- **WHAT NEEDS TO BE DONE**: Retype, word for word, only the lines from the one containing "and texture Enjoy!" through the last line of the listing below. Pictures do not belong in the result.

- **MATERIAL PROVIDED**:
---

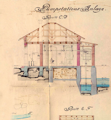 So gewährte die Landwirthschaftsbank um die Jahrhundertwende zum Beispiel der oberpfälzischen Stadt Hemau ein Darlehen über 120.000 Mark, mit dem diese ihre Wasserversorgung modernisierte. Die Stadt baute einen neuen Brunnen, neue Speicher und Wasserleitungen, erweiterte das Pumpwerk, installierte eine moderne Turbine und verlegte moderne Hausanschlüsse. Repro aus: Böhm, Feuerer, Schwaiger, Wasserversorgung der Stadt Hemau, 2014, S. 66
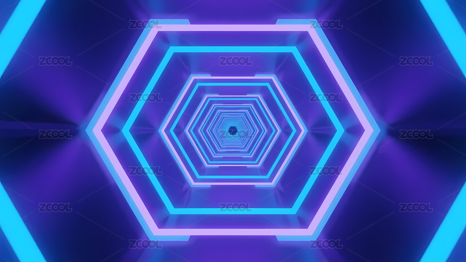 深蓝,渐变,抽象,光影,科技,未来,隧道,六边形,亮紫,结构
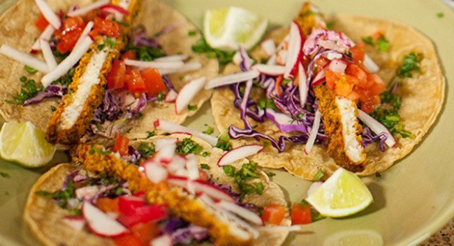 • When ready to serve, place one strip of Tilapia onto each warmed tortilla. Top with Fennel, Napa Cabbage, and Cilantro Slaw and sprinkle with radishes for extra flavor and texture Enjoy!
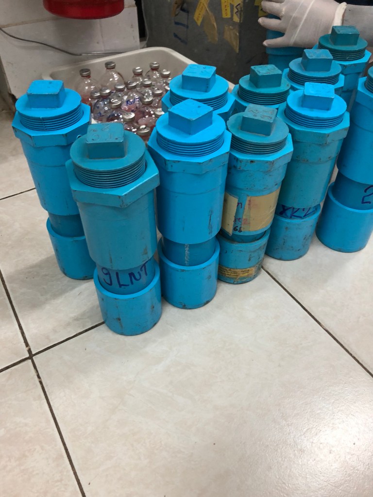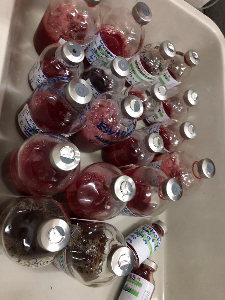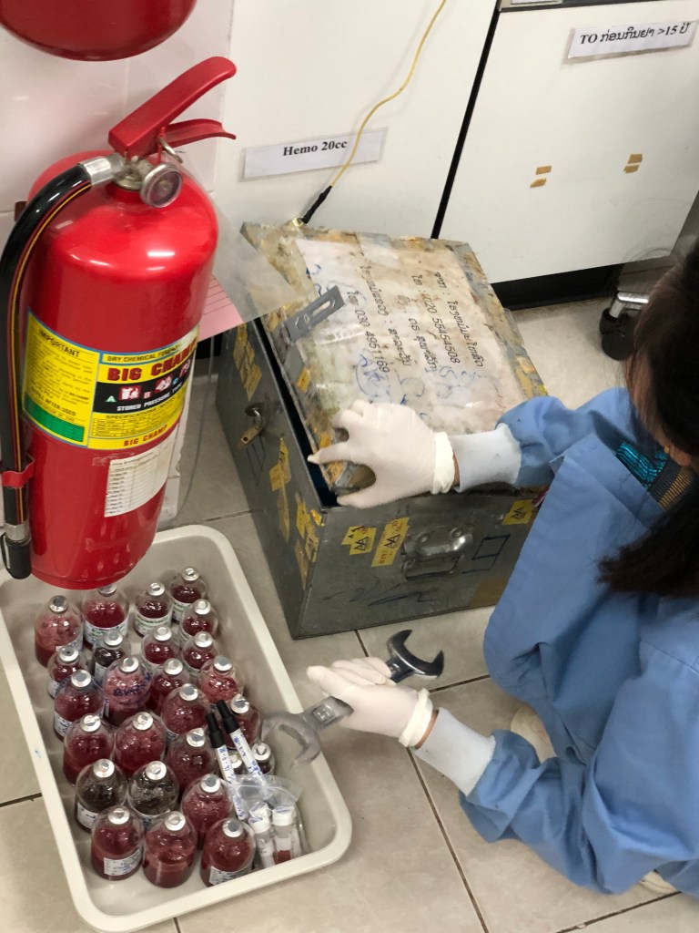 Blood cultures from several provincial hospitals are also sent to LOMWRU for processing, held in PVC containers (made from plumbing) which are placed in locked boxes and delivered (free) by bus drivers.

---

- **THE COMPLETED TASK**:
 • When ready to serve, place one strip of Tilapia onto each warmed tortilla. Top with Fennel, Napa Cabbage, and Cilantro Slaw and sprinkle with radishes for extra flavor and texture Enjoy!
 Blood cultures from several provincial hospitals are also sent to LOMWRU for processing, held in PVC containers (made from plumbing) which are placed in locked boxes and delivered (free) by bus drivers.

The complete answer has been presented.